You get zero instrumentation code with 100% coverage of all framework primitives (APIs, databases, Pub/Sub, cron, caches, service calls). Traces work locally during development with nothing to install or configure, and in production through Encore Cloud's built-in Trace Explorer.

Coverage in practice: For anything built with Encore's primitives, coverage is 100% by definition. The compiler knows what your code does because you declared it using typed primitives. New endpoints and infrastructure calls are traced automatically the moment you write them.

This eliminates a common failure mode: instrumentation rot. In OTel-based Go projects, developers add spans when code is first written. As the codebase evolves, new endpoints and service calls appear without corresponding instrumentation. Nobody notices until a production incident hits an uninstrumented path. With compiler-driven instrumentation, that category of problem doesn't exist.

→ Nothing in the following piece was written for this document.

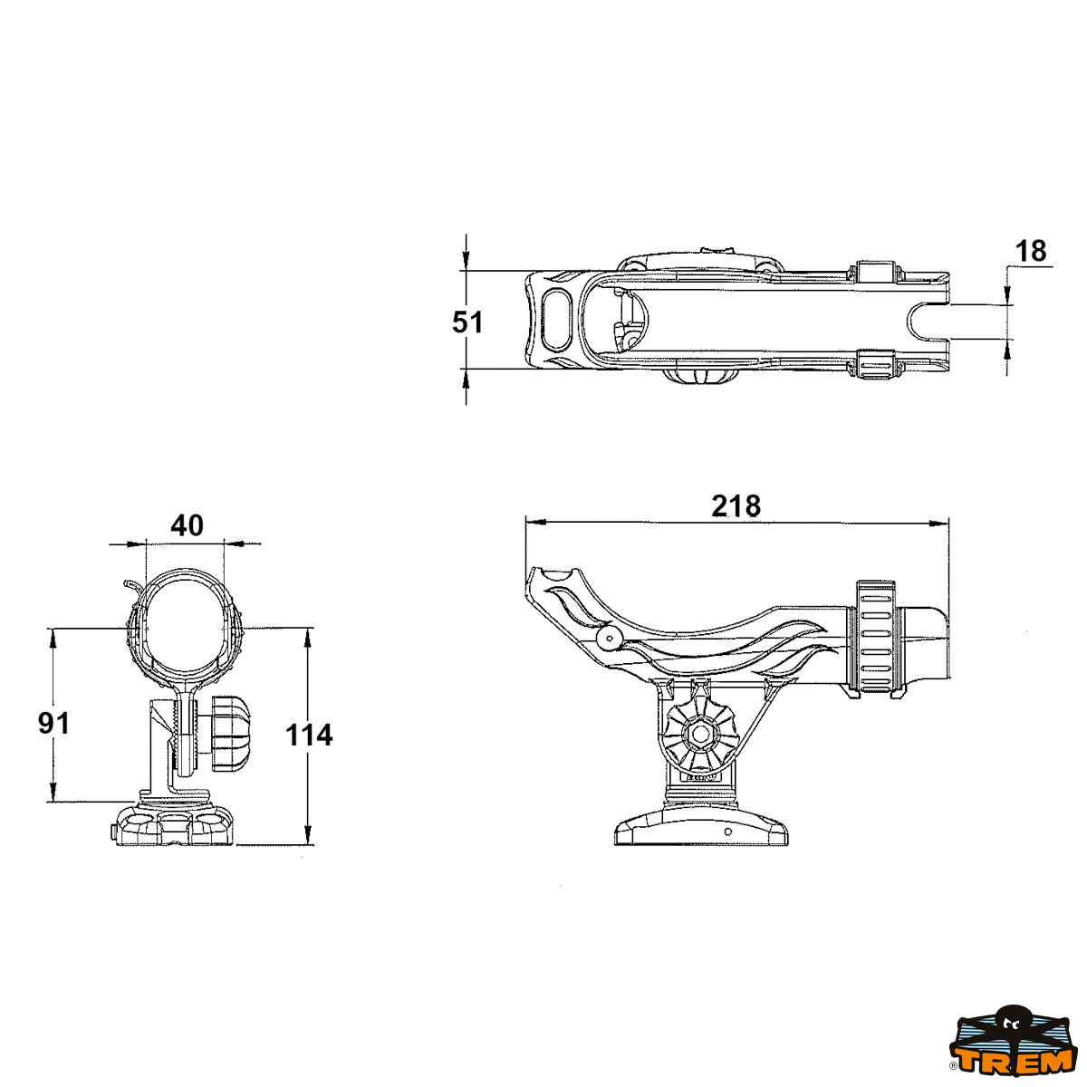 Rotazione orizzontale 360°, verticale 90°. Sistema di blocco della canna.

Why local dev tracing matters

Most tracing setups only work in deployed environments. You instrument your code, push to staging, and then check whether traces look correct. If a span is missing or context didn't propagate, you iterate through another deploy cycle.

This means most debugging during development still happens with fmt.Println. Traces become something you look at after the fact rather than a tool you use while building.

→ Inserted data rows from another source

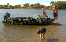 - С полной нагрузкой (около 550 кг) - 57 км/ч, на глиссер выносит тяжеловато, но выносит даже против течения р. Ока.
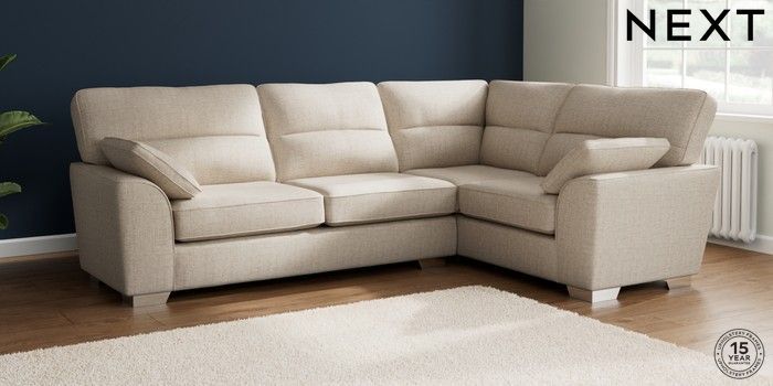 7.2.10 Stamford Highback Large Corner Sofa - Right Hand Chunky Weave Mid Natural Large Square Angle - Chrome Metal | Made Click here to use our website with more accessibility support, for example screen readers
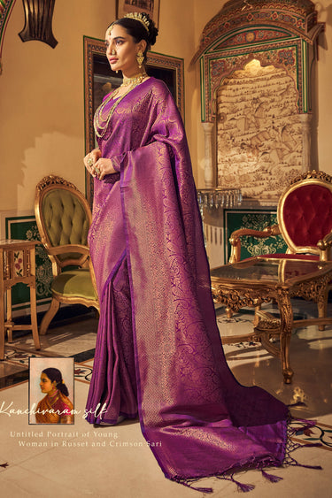 Function Wear Soft Handloom Weaving Silk Saree In Purple Color

Encore changes this by making traces available locally. When you run encore run, the local development dashboard at localhost:9400 shows every trace in real time. You can see the exact SQL queries an endpoint executed, how long each service call took, and where errors occurred. It turns tracing from a production-only observability tool into part of the development workflow. For a practical example of using local traces to debug slow API requests, see our companion guide.

For OTel-based setups, you can approximate this by running Jaeger locally via Docker (docker run -p 16686:16686 jaegertracing/all-in-one), configuring your exporter to point at it, and making sure your instrumentation is running in your dev environment. It works, but it's another thing to set up and maintain, and most teams don't bother.

Tracing backends

Once you have instrumentation generating spans, you need somewhere to send them. Here are the main options.

Jaeger

Jaeger is an open-source distributed tracing system originally built at Uber, now a CNCF graduated project. It accepts data via OTLP (and its older native format), stores it in Cassandra, Elasticsearch, or an in-memory store, and provides a web UI for searching and visualizing traces.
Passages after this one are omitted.